Provided data -

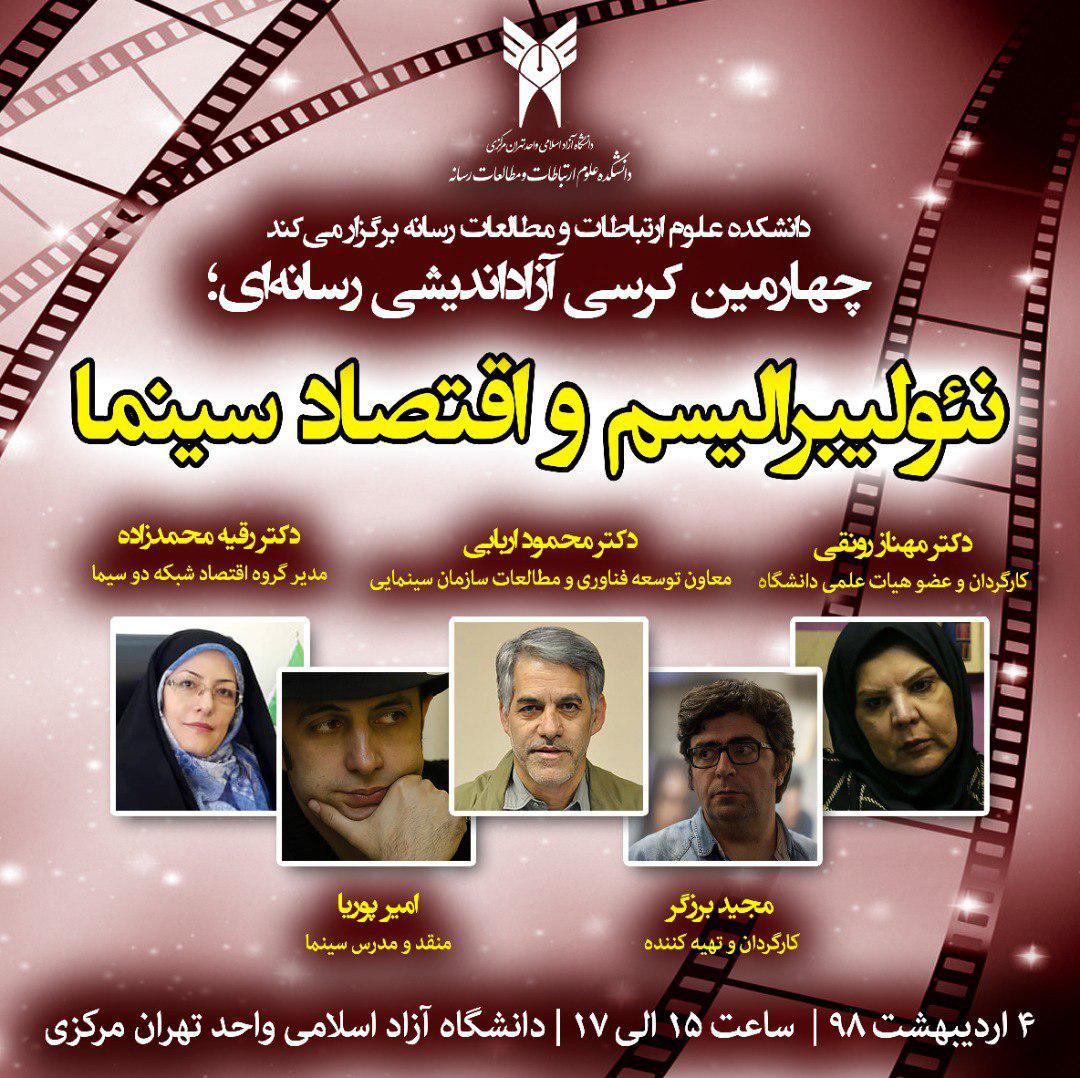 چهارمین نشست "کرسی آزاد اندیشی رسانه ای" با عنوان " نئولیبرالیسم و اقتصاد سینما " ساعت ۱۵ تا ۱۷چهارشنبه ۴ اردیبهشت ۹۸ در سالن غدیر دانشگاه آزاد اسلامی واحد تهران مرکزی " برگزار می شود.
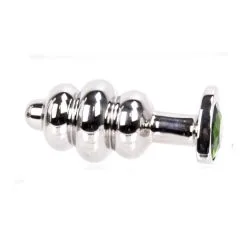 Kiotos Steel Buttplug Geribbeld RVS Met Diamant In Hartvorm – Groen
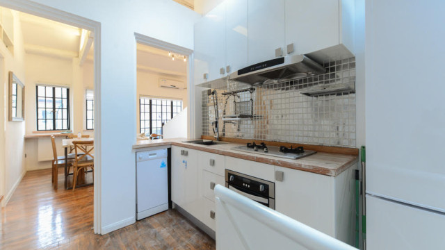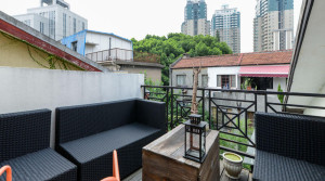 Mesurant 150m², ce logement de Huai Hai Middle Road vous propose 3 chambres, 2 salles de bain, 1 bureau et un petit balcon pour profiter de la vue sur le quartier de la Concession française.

Your task -
Reproduce the listing word for word and omit its pictures.

Task output -
 چهارمین نشست "کرسی آزاد اندیشی رسانه ای" با عنوان " نئولیبرالیسم و اقتصاد سینما " ساعت ۱۵ تا ۱۷چهارشنبه ۴ اردیبهشت ۹۸ در سالن غدیر دانشگاه آزاد اسلامی واحد تهران مرکزی " برگزار می شود.
 Kiotos Steel Buttplug Geribbeld RVS Met Diamant In Hartvorm – Groen
 Mesurant 150m², ce logement de Huai Hai Middle Road vous propose 3 chambres, 2 salles de bain, 1 bureau et un petit balcon pour profiter de la vue sur le quartier de la Concession française.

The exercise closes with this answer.